» Assignment
Please take the lines from the one holding "A Fantom também" through the one holding "可以看到数据是一个列表,每个" in the data below and copy them exactly.

» Material provided
*** Block opens ***

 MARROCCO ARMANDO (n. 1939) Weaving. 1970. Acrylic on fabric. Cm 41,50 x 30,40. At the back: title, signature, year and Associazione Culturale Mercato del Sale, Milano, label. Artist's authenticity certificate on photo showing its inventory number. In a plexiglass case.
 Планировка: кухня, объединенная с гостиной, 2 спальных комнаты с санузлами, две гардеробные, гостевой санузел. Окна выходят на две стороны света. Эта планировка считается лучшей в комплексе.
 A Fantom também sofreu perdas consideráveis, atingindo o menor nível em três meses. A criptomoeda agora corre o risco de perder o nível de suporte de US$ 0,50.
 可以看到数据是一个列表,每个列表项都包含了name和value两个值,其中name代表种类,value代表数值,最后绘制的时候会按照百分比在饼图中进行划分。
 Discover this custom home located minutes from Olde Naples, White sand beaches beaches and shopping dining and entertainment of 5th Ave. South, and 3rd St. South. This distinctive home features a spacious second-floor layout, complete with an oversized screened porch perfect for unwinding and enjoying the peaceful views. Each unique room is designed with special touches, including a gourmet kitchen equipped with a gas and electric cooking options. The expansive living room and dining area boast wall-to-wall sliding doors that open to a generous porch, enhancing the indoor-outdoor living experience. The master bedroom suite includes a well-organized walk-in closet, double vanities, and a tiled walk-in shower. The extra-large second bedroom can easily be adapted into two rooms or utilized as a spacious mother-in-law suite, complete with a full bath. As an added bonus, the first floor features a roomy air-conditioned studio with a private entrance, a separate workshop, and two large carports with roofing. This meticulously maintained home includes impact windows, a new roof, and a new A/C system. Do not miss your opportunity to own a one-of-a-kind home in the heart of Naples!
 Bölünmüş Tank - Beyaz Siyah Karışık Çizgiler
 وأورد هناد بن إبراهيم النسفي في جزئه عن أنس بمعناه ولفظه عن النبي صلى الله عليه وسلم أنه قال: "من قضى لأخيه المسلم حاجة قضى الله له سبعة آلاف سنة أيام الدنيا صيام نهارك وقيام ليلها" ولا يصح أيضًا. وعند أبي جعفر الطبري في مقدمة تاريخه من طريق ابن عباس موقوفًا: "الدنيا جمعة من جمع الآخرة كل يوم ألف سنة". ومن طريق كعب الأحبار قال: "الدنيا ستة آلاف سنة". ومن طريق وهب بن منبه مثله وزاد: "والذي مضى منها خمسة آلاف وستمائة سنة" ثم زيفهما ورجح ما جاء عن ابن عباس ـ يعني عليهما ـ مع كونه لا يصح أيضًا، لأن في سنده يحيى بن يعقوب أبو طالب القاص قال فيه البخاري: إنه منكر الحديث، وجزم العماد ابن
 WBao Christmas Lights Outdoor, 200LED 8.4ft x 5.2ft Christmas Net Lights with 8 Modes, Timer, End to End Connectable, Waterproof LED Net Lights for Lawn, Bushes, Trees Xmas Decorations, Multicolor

*** Block closes ***
*** Block opens ***

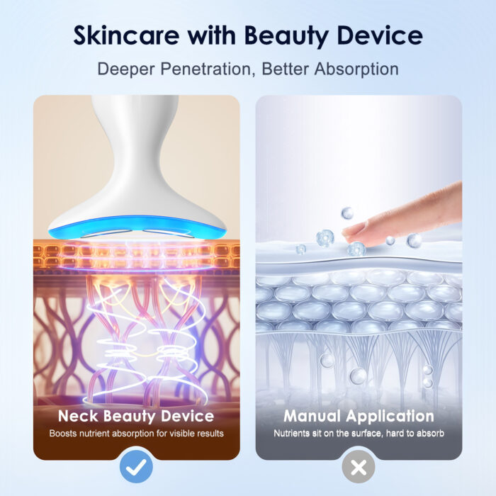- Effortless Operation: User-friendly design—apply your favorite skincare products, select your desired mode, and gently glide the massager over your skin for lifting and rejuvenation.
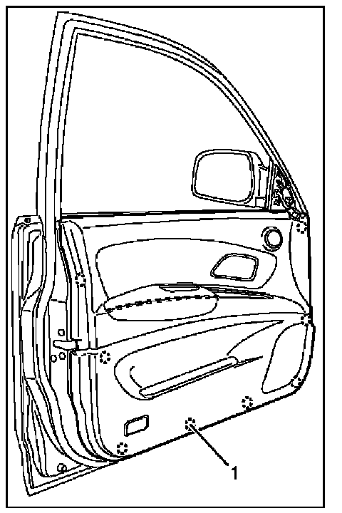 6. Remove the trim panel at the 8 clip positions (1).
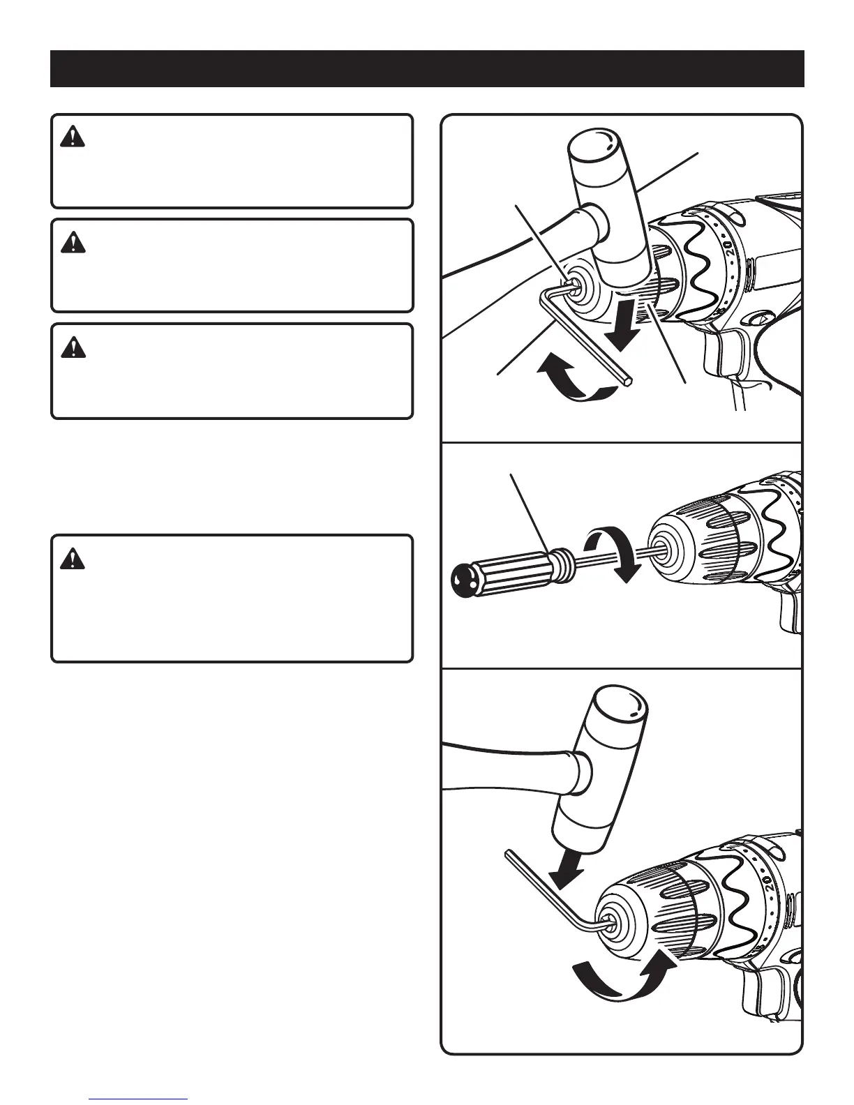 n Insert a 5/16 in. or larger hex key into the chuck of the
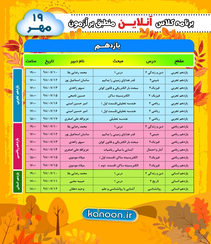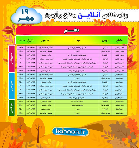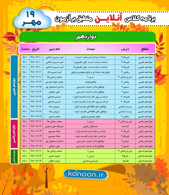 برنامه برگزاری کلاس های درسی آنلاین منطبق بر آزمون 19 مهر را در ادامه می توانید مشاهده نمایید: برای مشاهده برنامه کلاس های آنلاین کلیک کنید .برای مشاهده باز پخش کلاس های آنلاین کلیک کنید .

*** Block closes ***
*** Block opens ***

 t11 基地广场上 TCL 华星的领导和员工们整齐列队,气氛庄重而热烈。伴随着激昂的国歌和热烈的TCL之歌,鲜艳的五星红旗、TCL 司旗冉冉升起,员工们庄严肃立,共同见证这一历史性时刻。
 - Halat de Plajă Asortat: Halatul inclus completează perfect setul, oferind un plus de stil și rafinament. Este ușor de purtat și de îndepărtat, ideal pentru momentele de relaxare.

*** Block closes ***

» Expected output
 A Fantom também sofreu perdas consideráveis, atingindo o menor nível em três meses. A criptomoeda agora corre o risco de perder o nível de suporte de US$ 0,50.
 可以看到数据是一个列表,每个列表项都包含了name和value两个值,其中name代表种类,value代表数值,最后绘制的时候会按照百分比在饼图中进行划分。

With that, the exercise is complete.